PlantCFG: Database of Candidate Flowering Genes in Plants
——A comprehensive database with web tools for analyzing candidate flowering genes in multiple plants
e.g AtFLC or OsHd3a or GmFT2a or BnaA10G0244800ZS
Genome information
Flowering genes in Arabidopsis thaliana
Flowering genes in Glycine max and Oryza sativa
The Pfam of flowering genes in Arabidopsis thaliana, Glycine max, and Oryza sativa
The Blast results of candidate flowering genes
The Pfam results of candidate flowering genes
Collection of flowering genes in Arabidopsis thaliana, Glycine max, and Oryza sativa
In PlantCFG, flowering genes are genes whose mutation and/or overexpression alters flowering time. We merged the results of three complementary approaches to collect flowering genes in Arabidopsis thaliana: i) starting with a gene list published by (Bouche et al., 2016); ii) we searched the GO and MapMan annotation files for all the Arabidopsis thaliana genes associated with the keywords ‘flowering’ and ‘vernalization’; iii) we searched the UniProt database (http://www.uniprot.org) for the Arabidopsis thaliana proteins associated with the keywords ‘flowering’ and ‘vernalization’. To ensure that the mutants and overexpression of these genes have an effect on flowering time, we retrieved the relevant publications by querying PubMed with the Arabidopsis thaliana gene names for each identified gene. The resulting compilation of more than 27,296 full-text PDF files was then analysed to find information about the phenotypes of the mutants and overexpressors. This was performed by contextual searches using FileLocator Pro (Version 8.5, https://www.mythicsoft.com/ ). Each phenotype was associated with the corresponding publication(s), and those genes were defined as flowering genes. The flowering genes of Glycine max were mainly collected from two review articles (Du et al., 2023; Lin et al., 2021). In addition, we retrieved the relevant publications in the two review articles, and the related flowering genes were also collected. The flowering genes of Oryza sativa were mainly collected from three review articles (Chen et al., 2022; Osnato, 2023; Zhou et al., 2021). In addition, we retrieved the relevant publications in the three review articles, and the related flowering genes were also collected.

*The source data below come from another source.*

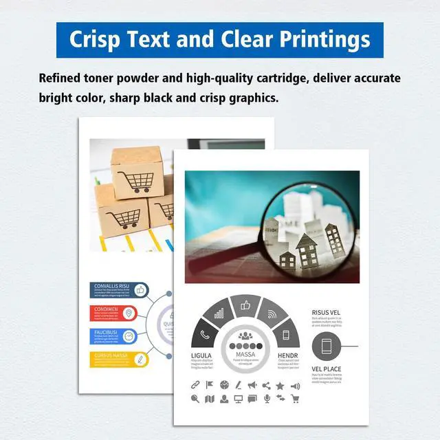 • Print Advantages - - Refined toner powder and high-quality cartridge, deliver accurate bright color, sharp black and crisp graphics.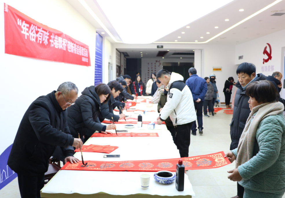 活动现场的另一侧,受邀而来的书法家们凝神静气、挥毫泼墨,一张张鲜艳的红纸在桌上铺开,蘸墨、运笔、落款一气呵成,笔锋或苍劲有力、或飘逸洒脱,一幅幅饱含马年期许的春联跃然纸上。市民读者们驻足观赏,一边欣赏书法创作的魅力,一边轻声交流,不少读者还主动等候,希望能求得一副专属的手写春联,将满满的年味与福气带回家,现场氛围温馨而热烈。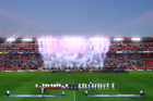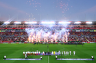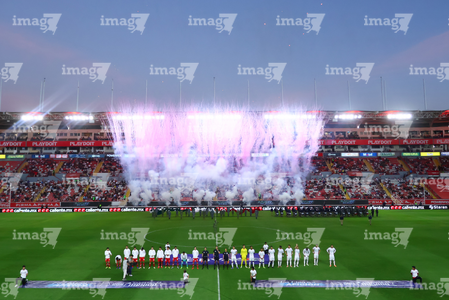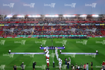 Aguascalientes, Aguascalientes, 21 de febrero de 2026. Protocolo, durante el partido correspondiente a la jornada 7 del torneo Clausura 2026 de la Liga BBVA MX, entre los Rayos del Necaxa y los Diablos Rojos del Toluca, realizado en el estadio Victoria. Foto: Imago7/ Pablo Ramírez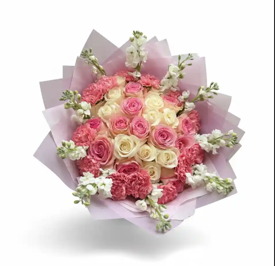 Elegante arreglo floral elaborado con rosas frescas en tonos rosados y crema, combinadas con delicadas flores blancas y claveles que aportan volumen y textura. Presentado en un envoltorio suave en tonos pastel, ideal para un regalo romántico y sofisticado.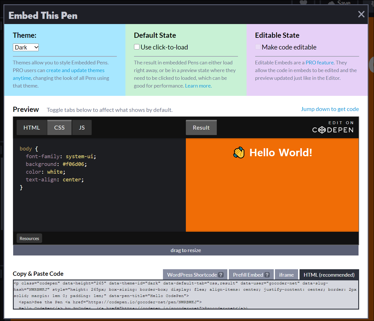 코드펜 에디터 다른 곳에서 보여주기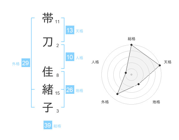 帯刀 佳緒子さんを姓名の画数から五運を鑑定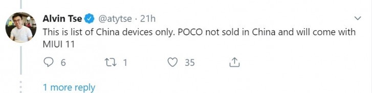 หัวเรือใหญ่ของ Pocophone Global, Alvin Tse ออกมาให้ข้อมูลผ่านทวีตเพิ่มเติมว่า รายชื่อที่ประกาศนั้น เป็นรายชื่อเฉพาะรุ่นเครื่องที่มีจำหน่ายในจีนเท่านั้น ดังนั้นจึงไม่มีชื่อของ Pocophone รวมอยู่ด้วย เพราะไม่ได้จำหน่ายในจีน

Identification of candidate flowering genes in other species
We used the previous method in (Jia et al., 2022) to identify candidate flowering genes in other species. It is a combination of sequence similarity and conserved domain approaches. The details are described below: In the sequence similarity-based approach, i) the protein sequences of flowering genes in Arabidopsis thaliana, Glycine max, and Oryza sativa were used as queries. The BLASTP (2.10.0+) program was used to perform searches against each of the other species protein sequences with the following conditions: E-value < 1e-10 and identity> 50%; ii) all the protein sequences of other species were subjected to BLASTP and searched against the protein sequence of all genes in Arabidopsis thaliana, Glycine max, and Oryza sativa. For the protein sequences matched to Arabidopsis thaliana, Glycine max, and Oryza sativa, only the best alignment sequence was kept. iii) Based on the results in i) and ii), the homologous genes of other species were extracted. In the conserved domain-based approach, i) the protein sequences of the flowering genes in Arabidopsis thaliana, Glycine max, and Oryza sativa were searched against the Pfam-A database locally using HMMER 3.2.1 (Finn et al., 2011) hmmscan with an E-value of 1e-5; ii) HMMER 3.2.1 hmmbuild was used to construct the HMM models. All the protein sequences of other species were subjected to HMMER 3.2.1 hmmsearch and searched against the HMM models; iii) Extraction of the homologues of other species. Based on the results of the sequence similarity-based approach, if the homologous gene pair was supported by the conserved domain-based approach, the homologous gene pair was defined as ‘high confidence’.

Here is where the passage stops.